Last month, University officials notified students of a planned IT migration from Google Suite — including Gmail, Google Drive and Google Calendar — to Microsoft’s Office 365 platform — including OneDrive and Office Online. The transition is set to take place at the end of this academic year and was primarily justified with the fact that University faculty, staff and students will all be on the same platform. Currently, faculty and staff use Office 365 while students use Google. The migration came as a surprise — there was scant communication from the University prior to the formal announcement. As such, students were swift to reply with negative comments, including an online petition to stop the switch. Currently at about 5,300 signatures, the petition argues the current system is not broken and does not need fixing.

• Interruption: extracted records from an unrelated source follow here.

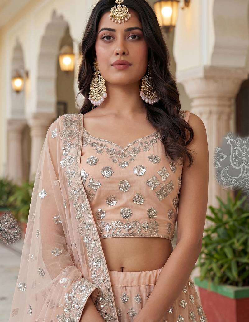 Glamorous peach zari work net engagement wear lehenga choli
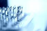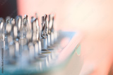 Full set of dental implant drill bits in surgical tray, close-up of professional dentistry equipment
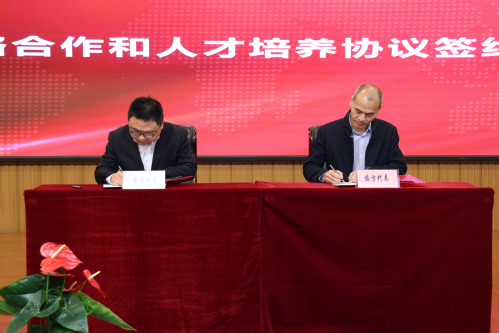 最后,侯晓方副校长与薛凯副总经理签订了中国特色学徒制人才培养协议和战略合作协议,张敏华校长与雷让岐总经理共同为高素质技术技能人才培养基地揭牌。
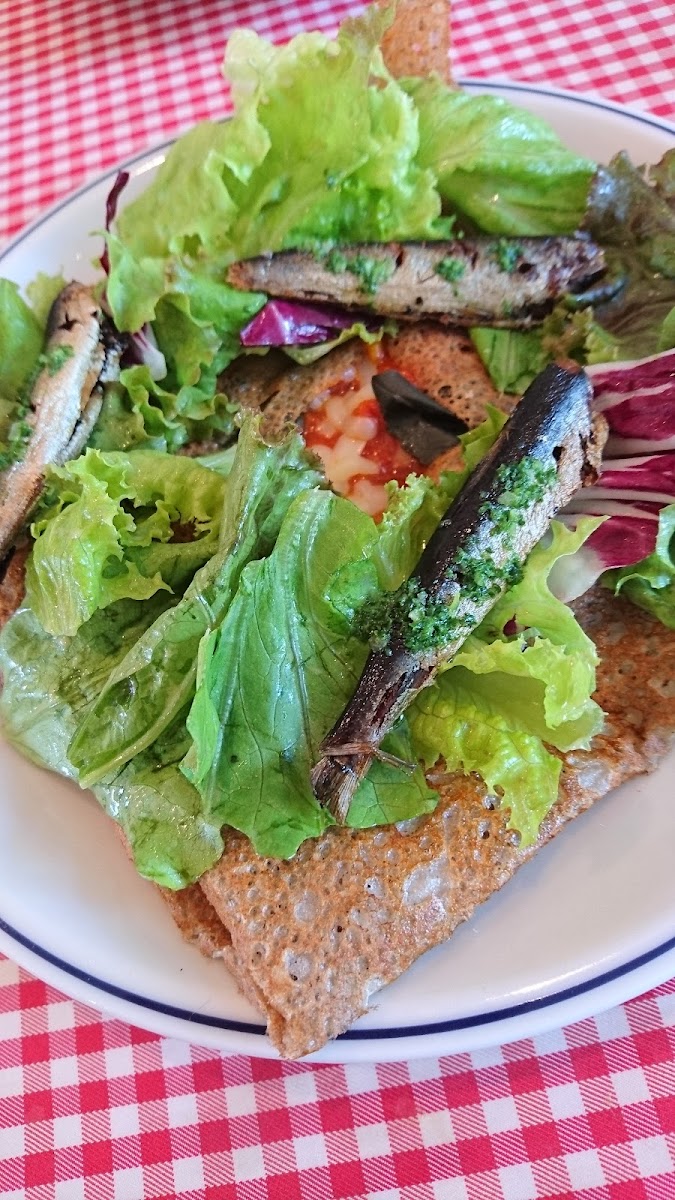 As you contemplate the menu, you'll discover a variety of seasonal galettes that are not only visually stunning but also packed with flavor. One standout dish is the 日替わりランチ (daily lunch special), which features a delicious combination of flavors like sunny-side-up eggs, ham, and cheese, accompanied by onions caramelized in apple cider. Patrons rave about the 香ばしさ (roasted aroma) combined with just the right touch of sweetness and saltiness, making each bite a memorable experience. The galettes are complemented beautifully by fresh salads that showcase the vibrant local produce, further enhancing your meal.

In its email to students, the University argued the switch will reflect how the professional world operates, with many companies using O365. This may be the case, but this widespread use in and of itself does not mean O365 is a quality service. Its apps are clunky and glitch frequently, and its user interface is confusing and unintuitive. Technically, its cloud storage service OneDrive does not share the same level of integration as Google Drive nor does the suite offer some of the more niche features that Google does — like Google Keep or Maps. Chrome, Google’s web browser, is also the most widely used browser in the country. The integration of the browser with Google Suite helps streamline student productivity — everything is all in one place, all from one service provider. Most importantly, O365 is unfamiliar to students. Many of us have been using Google Suite since our first days of middle school, if not earlier. Our educational career has been constructed around it. Asking students to change essentially their entire approach to learning is a tall order.

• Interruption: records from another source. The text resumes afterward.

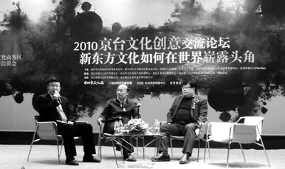 文博会期间,“京台文化创意交流论坛”于19日在北京台湾会馆召开,京台两地文创业者,就京台两地文创人才的交流、文创产业的资源整合以及品牌经营策略等,展开了深入探讨和交流。
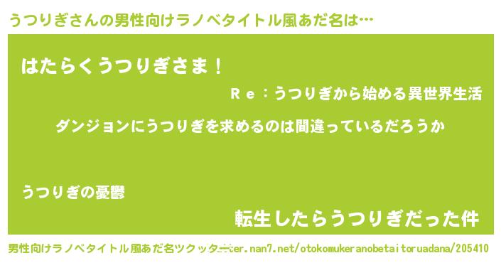 | 女子向けラノベタイトル風あだ名 | 『うつりぎは平凡を望む』『闇のうつりぎ』 |
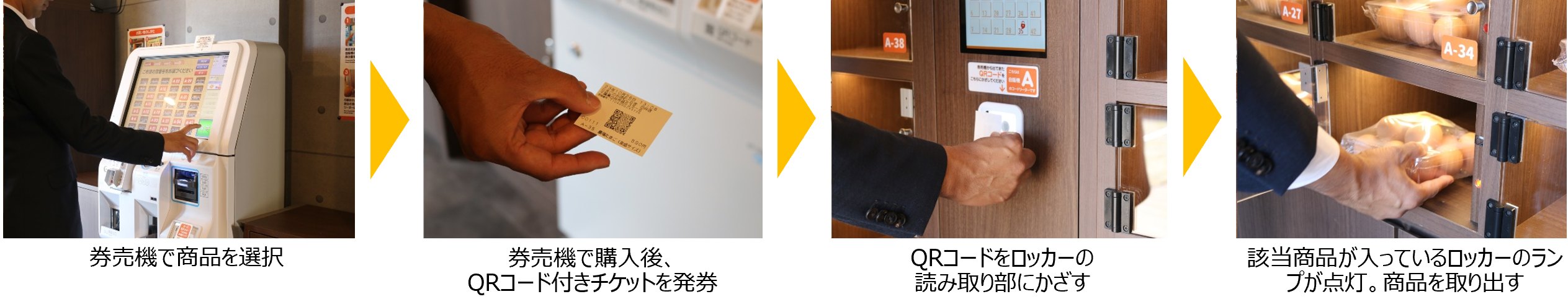 この無人店舗ソリューションは、券売機で商品の選択と支払を行い、QRコードを発券した後、それをロッカーにかざすと商品が受け取れるもので、現金決済はもちろん、キャッシュレス決済にも対応しています。
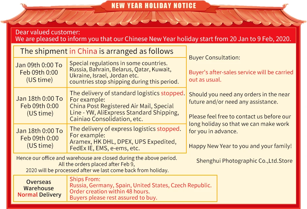 Магазина Shenghui Photographic Co., Ltd. Store работает с 19.03.2016. его рейтинг составлет 90.21 баллов из 100. В избранное добавили 10262 покупателя. Средний рейтинг торваров продавца 4.6 в продаже представленно 335 наименований товаров, успешно доставлено 20537 заказов. 2054 покупателей оставили отзывы о продавце.

The transition also poses a number of logistical questions which have been left unanswered by the University. Google Suite allows students to easily share notes, collaborate on group assignments and study for exams together. While O365 also has this functionality, its unfamiliarity will add another obstacle to completing group work and undoubtedly hinder students’ productivity. Students have also been using their University email accounts to “log in with Google” on other websites — such as social media platforms and online streaming services. This means that they have linked their Google account to these other websites’ accounts and use the same login for both. The University has offered no information on whether or not the switch to O365 will impact these third-party accounts. In a worst case scenario, students will lose any data associated with their third-party accounts.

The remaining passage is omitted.